Edited by mjc, 19 November 2003 - 06:47 PM.

[Galadriel]

Get Hijack This. Unzip using your favorite unzipping utility (http://www.winzip.com/)
Double click on the HijackThis.exe file. Press the "Scan" button, it will then change to "Save Log". Copy and paste its entire contents here. DO NOT fix anything yet, as most of what is listed is harmless or even needed.

http://tomcoyote.org/hjt/

[Zero]

Actually post the log here

http://tomcoyote.org...st&CODE=00&f=27

[KnightWaterTiger]

Done ...

[KnightWaterTiger]

Ahhhhhhhhh ..... It's back today.

New http ... OK< I'm throwing this computer out the window.

And, I had my SBS&D locked down!!!!!!

http://66.250.57.28/

WTF?

KnightWaterTiger

[Unzy]

Hi there, Can you open up the registry : start -> run -> type regedit and press enter Once inside press ctrl+f In the searchbox type cool-search.net and press 'search' Press F3 to find next Keep us posted if you found entries containing that name in the registry Thanks! Cheers,

[KnightWaterTiger]

HOMEOldSP -- deleted .... http://66.250.57.28/

cool-homepage -- delted

Deleted from Regedit ..............

.......................................................................................................................

The problem with this bug, is that it morphs .... changes.

I just ran Trendo Micro Housecall (online scan) .... caught 3 Java trojans, and I have now found the loaders that reboot this bug into the system

JAVA BYTVERIFY.A
JAVA CLOADER.E
JAVA BYTVERIFY.A

So, now you have it. I sent the log file into your shop yesterday ...

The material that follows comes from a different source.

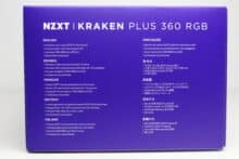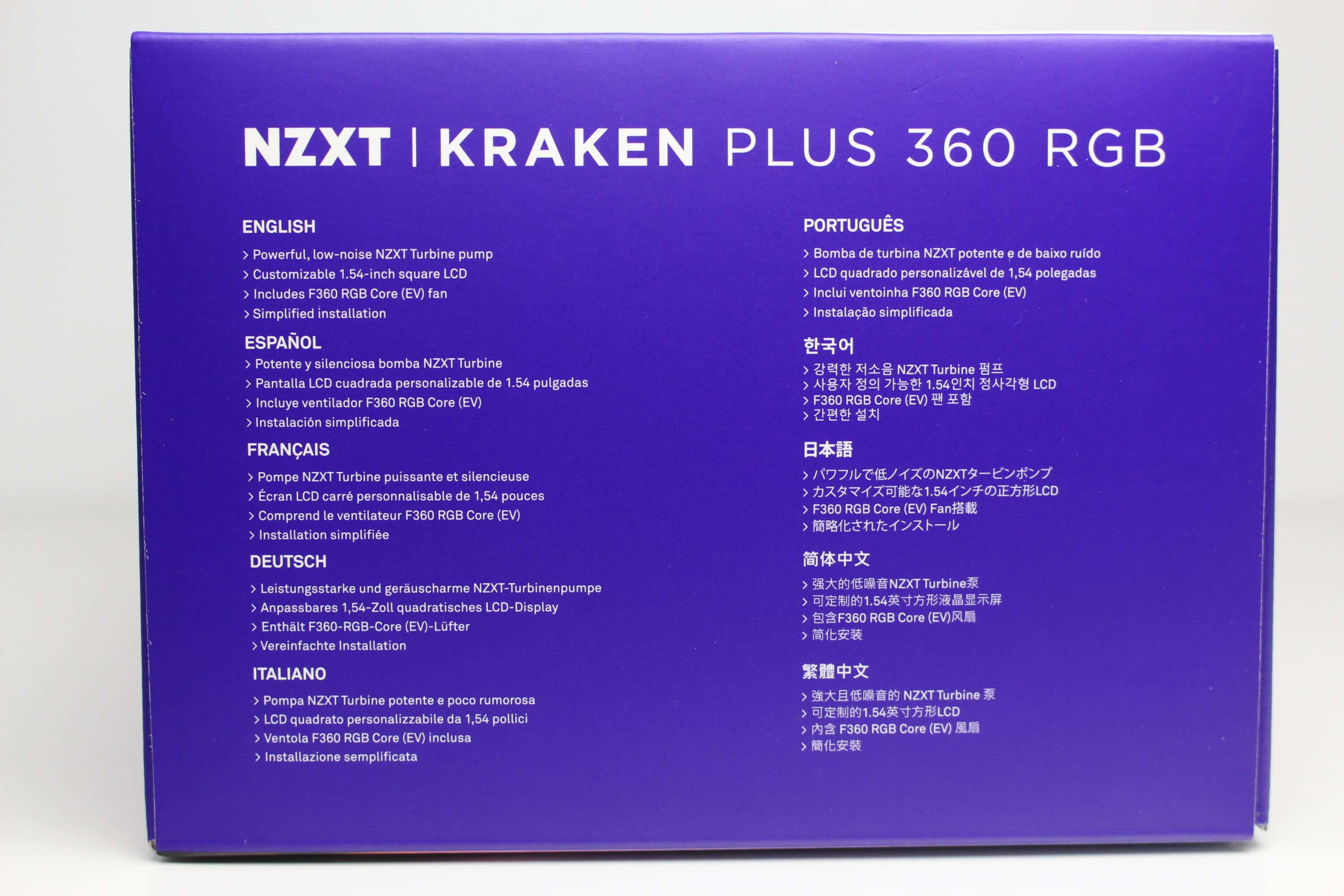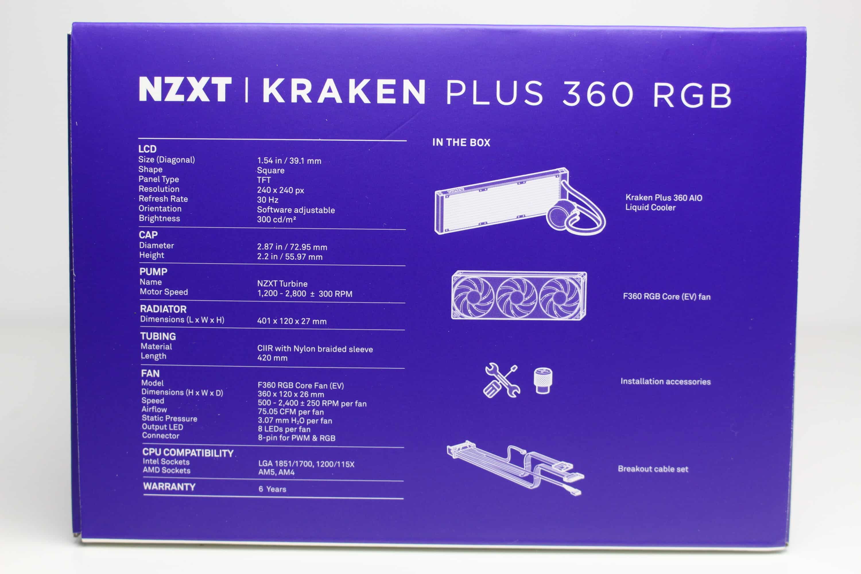 NZXT packs the Kraken Plus 360 RGB in strikingly designed and colorfully printed packaging. On the front, the manufacturer has placed a photo of the compact water cooling system and on the back you can see the product in its installed state as well as a list of important features. NZXT colors the sides of the box purple and prints a table with the technical data and technical drawings in white letters.

BTW, Norton's best missed this, AVG missed this ... CWS (updated) missed it, it turned off the SBD&D block on the homepage and allowed it to reinfest -- not on reboot, but just on reloading the IE page.

OK, calming down now... breathhhheeee

Now you know what I know.

Cheers.

KnightWaterTiger

Founder and council member,

Brotherhood of Trans-Atlantic Knights

BOTAKnights

[KnightWaterTiger]

IT'S BACK!!!!!!!!!!!!!!!!!!!!!!!!!!!!!!!!!!!!!!!!!!!!!!!!!!!!!!!!!!!!!!!!!!!!!!!!!!

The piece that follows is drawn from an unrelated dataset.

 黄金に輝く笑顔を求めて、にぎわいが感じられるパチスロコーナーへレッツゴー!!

WITHOUT REBOOT!!!!!!!!!!!!!!!!!!!!

http://66.250.57.28/

I hate this ....

CWS no workie on it ...

Nothing kills it.

HELP!!!!!!!!!!!!!!!!!!!!!!!!!!!

WaterTiger

[YoKenny]

I put 66.250.57.26 - 66.250.57.28 in my Kerio firewall block rules.

You may want to use IE-SPYAD and update regularly:
http://www.staff.uiu...rce.htm#IESPYAD

[KnightWaterTiger]

Thanks Kenny .. that worked. WaterTiger

[Coyote]

I don't have the kinda $$ to afford any of the norton anti-evil softwares so I guess I'd have to settle for Ad-aware which happily located and removed the problem for me. Of course it means I have to stop visiting the very site that's causing me grief, I happen to know one and I'm gonna email the webmaster to see if he could help.

From http://TomCoyote.org under the Heading "My Tips for safer computing":
These are the steps that I use to keep safe from a lot of problems:
(Along with SpywareBlaster and SpywareGuard and SpyBotSD and AdAware)
One step would be to block the adservers, If you use IE then go to http://www.staff.uiuc.edu/~ehowes/ And read about how to install IESpyads.

Another suggestion would be to turn off scripting in IE in the Internet Zone since most popups occur from scripts. Read more about controlling the zones here

==================================

Those are all free programs (the links to those are on the link above)

as well read the following link:
http://www3.ca.com/P...e.asp?CID=52733
CA To Offer Free Antivirus And Firewall Software To Windows Users Worldwide
This offer gives you a free AV and Firewall of high quality to protect your system, I use both here, they work very well.